This morning in London, the Energy Industries Council’s Bankable Energy conference kicked off with high-level discussions on the future of UK-EU energy relations and the path to making clean energy projects commercially viable.
While finance is increasingly available, speakers stressed that structural challenges around risk, regulation, and collaboration must be addressed to scale technologies like hydrogen, CCUS, and renewables.
Neil Golding, EIC’s Head of Market Intelligence, gave an overview of energy projects in Europe. He said there are $1.35 trillion of energy projects across Europe that could enter operation by 2030.
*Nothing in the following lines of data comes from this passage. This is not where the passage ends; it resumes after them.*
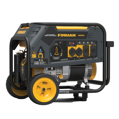 Our rubberized Thresher handle makes recoil starting a snap – even with bulky gloves. All of our Hybrid Series Generators run on gasoline or propane fuel giving you flexibility while out on the road or during an emergency. H05752 comes standard with extended propane hose 5.5ft for convenience when running off a larger propane tank. The Firman Volt Lock automatic voltage regulator ensures clean consistent power output from the Firman Power Stream alternator. For the ultimate in portability the H05752 includes a wheel kit featuring 10” never-flat wheels and a u-shaped padded handle with ergonomic grip.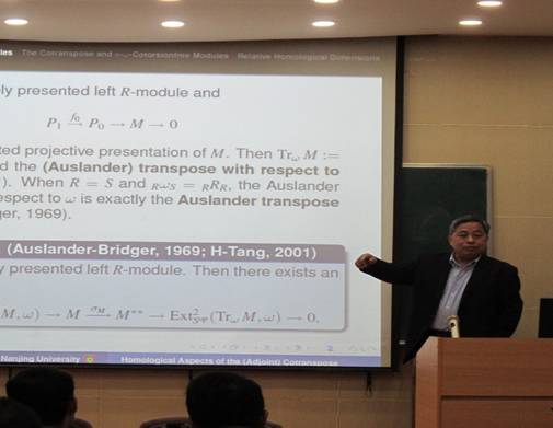 4月22日,应公司best365体育亚洲邀请,南京大学黄兆泳教授来公司在教学9号楼C101学术报告厅作了题为《Homological Aspects of the (Adjoint) Cotranspose》和《Minimal Right Determiners of Irreducible Morphisms in String Algebras》的学术报告。报告会由best365体育亚洲官网董事长刘仲奎教授主持,相关专业教师、研究生60余人参加了此次报告会。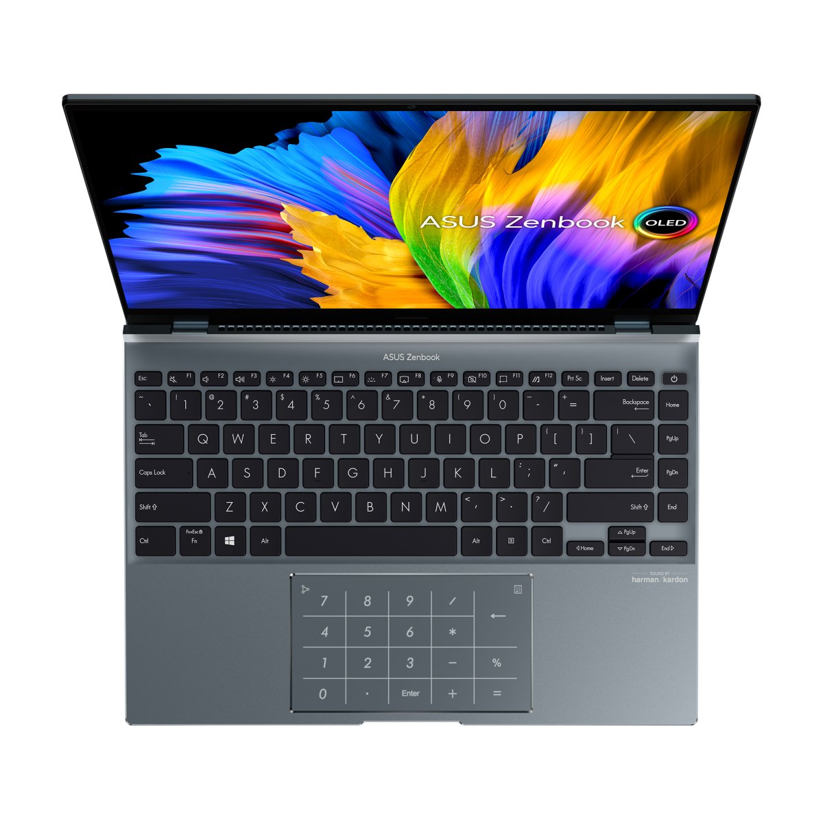 We’ve made the user experience on Zenbook 14X OLED even better with some thoughtful design features. The 180° lay-flat ErgoLift hinge makes it easy to collaborate, and for easy data entry, there’s the ASUS NumberPad 2.014 that integrates a full-size LED-illuminated numeric keypad into the touchpad. There’s secure fingerprint login, too, with a handy sensor on the power button.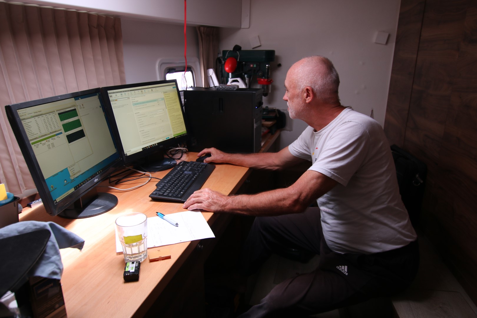 Da Yoshi sich ein Teil eines Zahnes abgebrochen hat, muss er heute früh zum Zahnarzt. Das Wetter ist eh nicht gut, ich der Nacht hat es auch geregnet. Da bietet es sich an, einen vollen Büro-Tag einzulegen. Die Steuererklärung drückt mich auch. Und den Rechner bekomme ich am Morgen dann doch zum stabilen Laufen. Ein Jahr Einlagerung in der feuchten Atmosphäre des Bootes haben ihm nicht gut getan. Aber nach Austausch des RAM und Aus- und Wiedereinbau der Grafik-Karte sind wohl alle Kontakte so, dass er den ganzen Tag arbeitet. Und ich auch: Was die alles wissen wollen! Und natürlich liegen etliche Dokumente eingelagert in Wedel oder Dahl….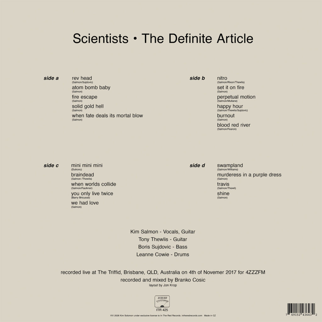 The Definite Article captures Australian rock legends The Scientists recorded live at The Triffid in Brisbane on November 4, 2017. The recording captures the band at their loud, noisy best, running through 20 songs from their catalog. The recording and the performance are so good the band released the recording on cassette on Emmett Kelleys Ha Ha label. The tapes were sold at shows and vanished quickly. In The Red is proud to present this fantastic live show on vinyl. A must for true heads. Limited color vinyl.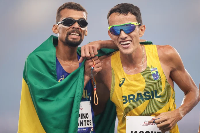 Outra dobradinha do Brasil nesta terça saiu na prova dos 1.500 metros T11 (deficiência visual), com o sul-mato-grossense Yeltsin Jacques vencendo a disputa em 4min02s02 e o paulista Júlio César Agripino garantindo a prata.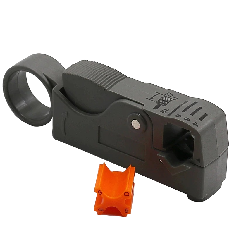 The rotary cable stripper fits easily into your pocket or tool case thanks to its dimensions of 9.8 x 3.2 x 1.8 cm. This product allows you to adjust the blade to the correct diameter of the cable. It ensures you always achieve a perfectly precise cut.
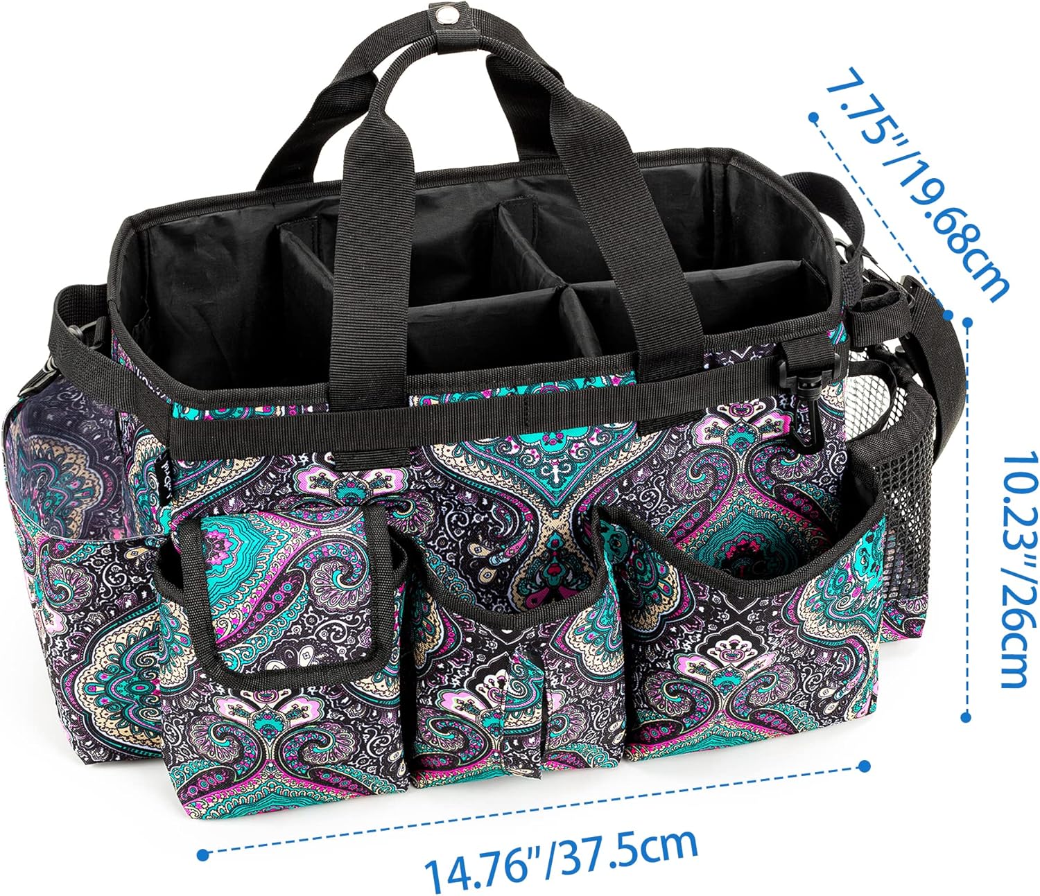 LoDrid Large Wearable Cleaning Caddy Bag with Detachable Divider, Cleaning Supply Tote Organizer with Handles and Adjustable Shoulder Strap for Cleaners & Housekeepers, Totem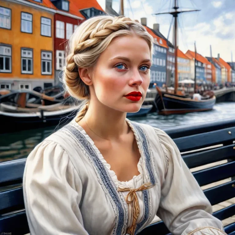 Danish girl in traditional dress in Nyhavn, Copenhagen.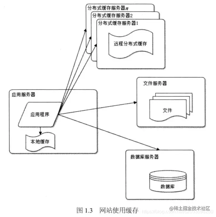 网站访问的特点和现实世界的财富分配一样遵循二八定律:80% 的业务访问集中在20% 的数据上。既然大部分业务访问集中在一小部分数据上,那么如果把这一小部分数据缓存在内存中,就可以减少数据库的访问压力,提高整个网站的数据访问速度,改善数据库的写入性能了。 网站使用的缓存可以分为两种:缓存在应用服务器上的本地缓存和缓存在专门的分布式缓存服务器上的远程缓存。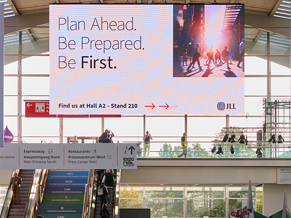 Whether you would like to use it for logo display, advertisements or a video: Take advantage of our highluminosity LED wall in the West Entrance, so that your company is present exactly where the trade audience is. Capture the attention of the financial and real estate sector with a 15-second clip to highlight your business!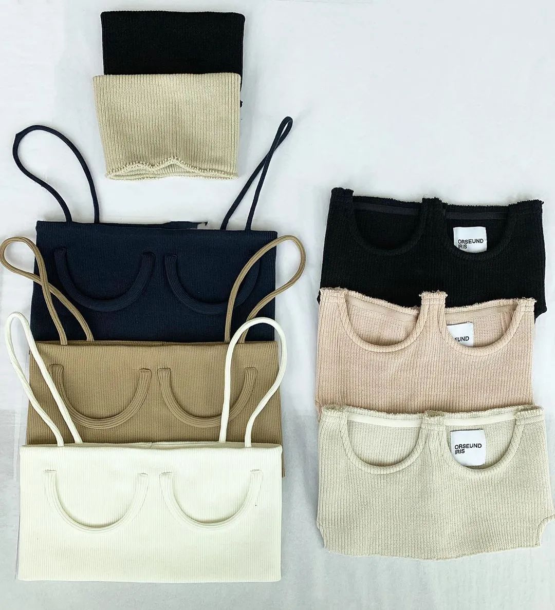 不过因为针织款材质太过轻薄贴身,内衣变得很难选。国外博主有时候真空上阵,当然也可以选择同色的抹胸式内衣或者贴胸贴。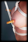 Courtney is forced to maintain are rather tricky position indeed. She is bound with her legs folded up and tied to the back of her thighs while balanced on top of a rather rickety foot stool. Her arms are bound tightly behind her back with her elbow together, and so the only things keeping her from falling are the ropes attached to the rope harness around her body. Problem is, that rope harness has a rather tight fitting crotch rope part of it! Just to make things even more interesting for her, out come the Clothes Pegs...... |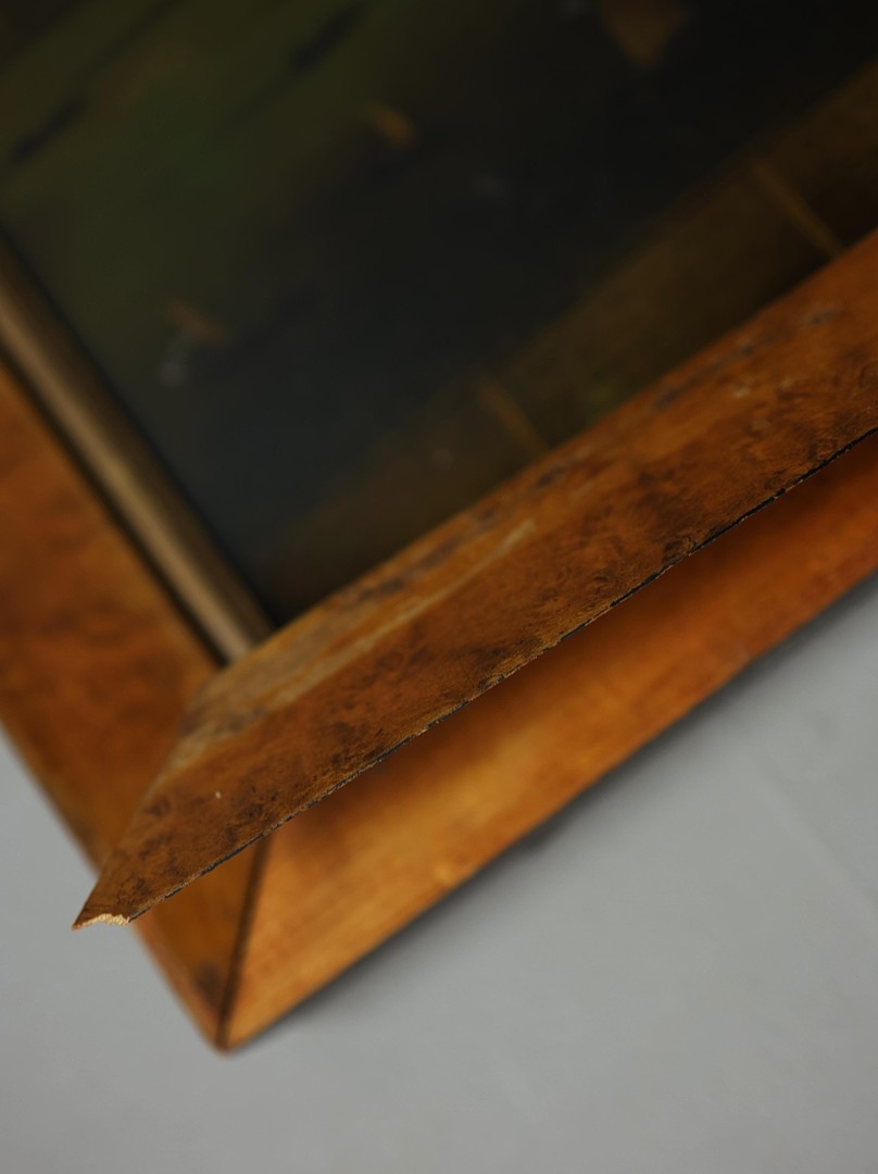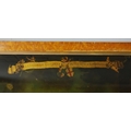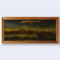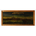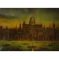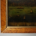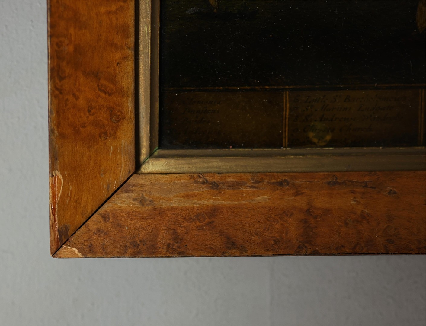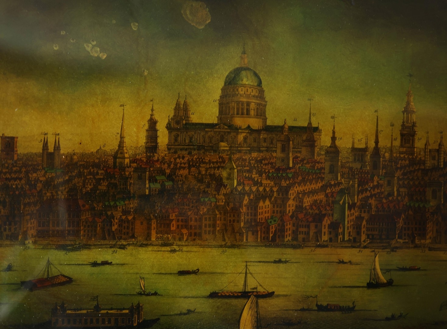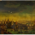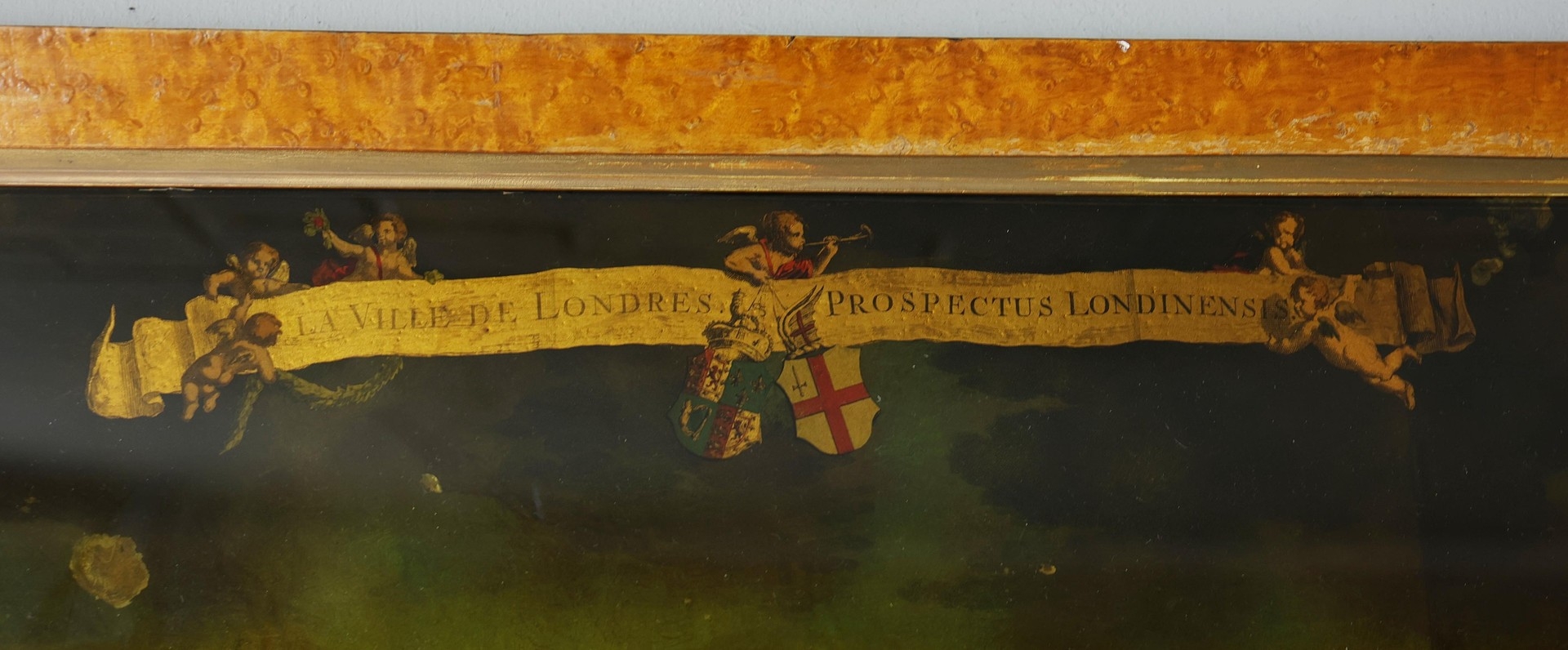 A PROSPECT OF THE CITY OF LONDON. a 19th century Crystoleum depicting 18th century London overlooking the River Thames, titled to top edge in Latin and titled to bottom edge in English, the bottom edge bearing names of landmarks number referenced in the picture, birds-eye maple veneered frame, 58cm high, 126cm long.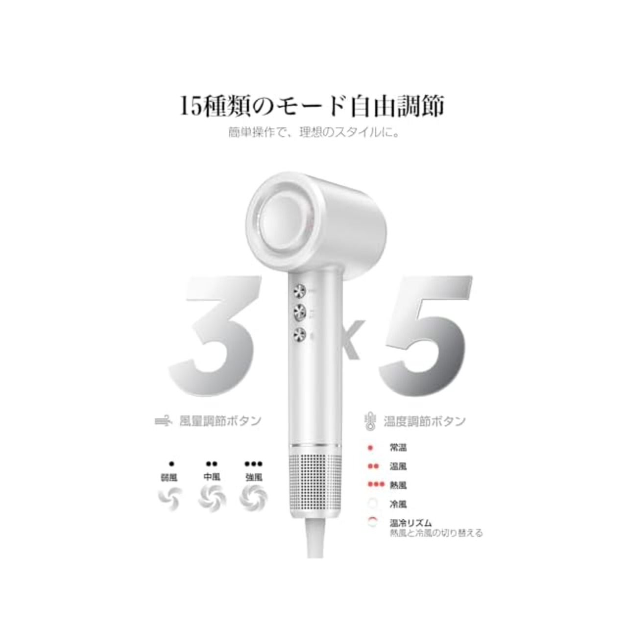 【3段階風量調節&5段階温度調節で、髪に最適なケアを実現】強・中・弱の3段階風量と、冷風・常温・温風・熱風・温冷リズム5段階の温度調節を搭載。さらに、温冷リズムモードで頭皮の健康をサポートし、髪質やスタイルに合わせた最適な設定が可能です。どんなシーンでも、プロのような仕上がりを簡単に叶えます。「温冷リズムモード:3秒長押し冷温熱風交替,赤色灯交替点滅」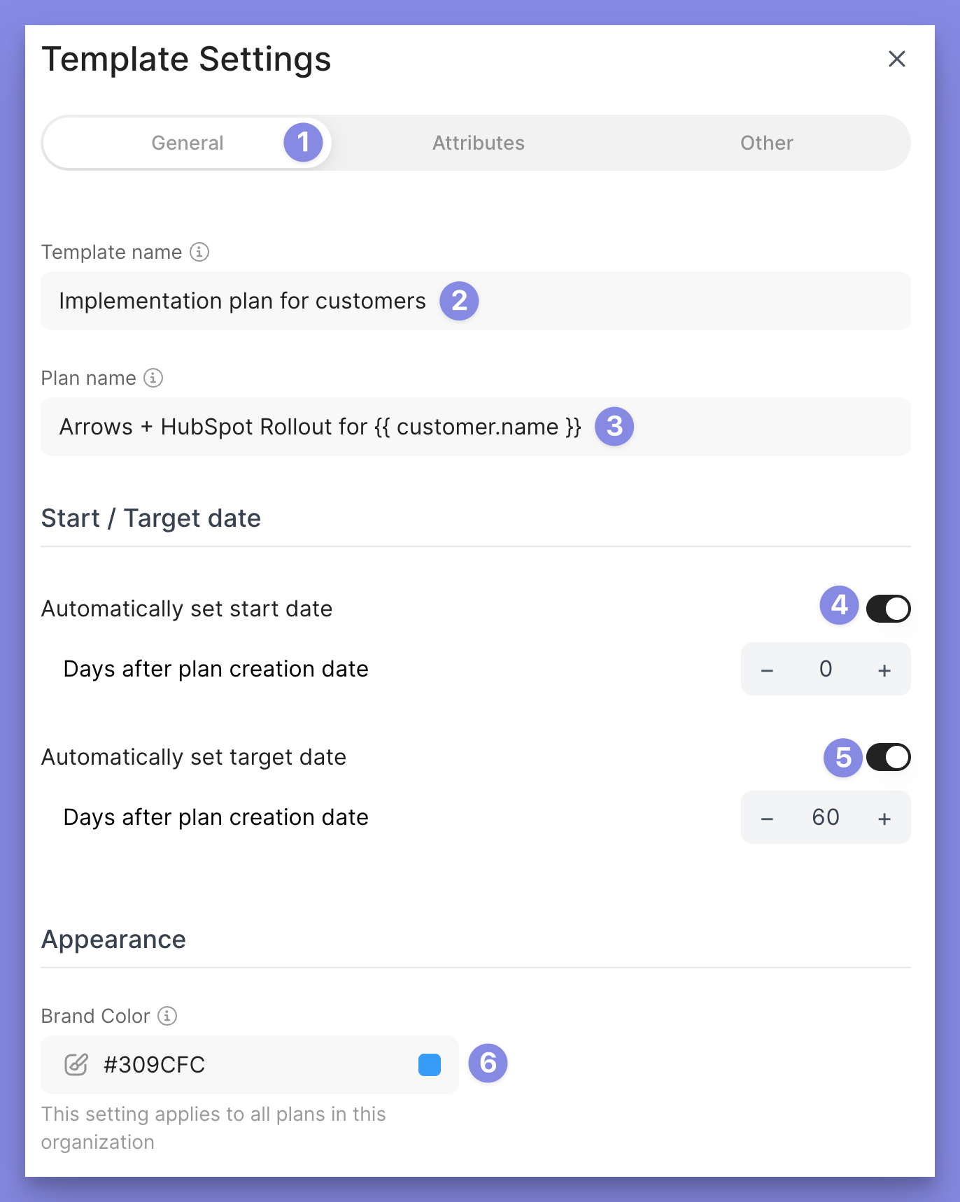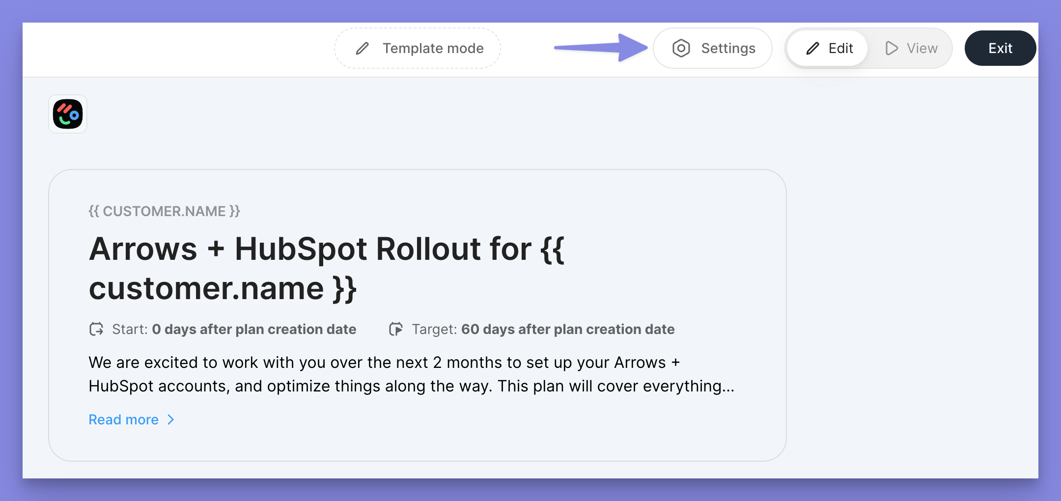 When you are creating or editing an Arrows Template, the Settings drawer is where you can access your general settings, your plan attributes, and other/advanced settings!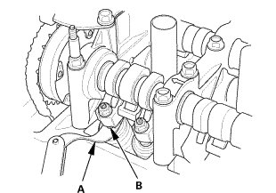 1. Install the VTC oil control solenoid valve (A) with a new O-ring (B).

Joanna Drake, Deputy Director-General of the European Commission, who delivered the keynote, highlighted the UK and EU’s “common priorities” in energy infrastructure and climate action. Both regions share 2050 net-zero targets, carbon capture ambitions, and hydrogen market development goals. “Collaboration will be on energy, security, and people-to-people contact.” She added, “Industry will play a key role… We must make full use of resources at our disposal.”
Andrew Lee, Managing Director at Société Générale's Energy+ Group, cut to the core of the financing challenge: “The big challenge is making projects bankable. There is plenty of finance available—Société Générale and other banks want to support energy transition projects. There is capital, and banks are willing to be flexible, recognising the need for adaptability.” But he cautioned that regulatory compliance and internal approval processes create hurdles if projects “don’t meet minimum bankability thresholds.”
Lee also flagged the tension between risk appetite and project scale. “Energy transition projects typically involve increased technology risk. Contractors have become more risk-averse… Suppliers of key components—such as CCUS units, electrolysers, and downstream conversion units—need to take their share of project risk.”
With some megaprojects facing delays, he noted a pivot: “We continue to support large projects, but are now also looking at projects that may have previously been considered too small. These projects will help develop and shape the market.”
Other speakers echoed the need for structural reforms. Rob Rome of National Grid warned fragmentation complicates cross-border energy trade: “Too much splitting up… things were better when we were talking to each other.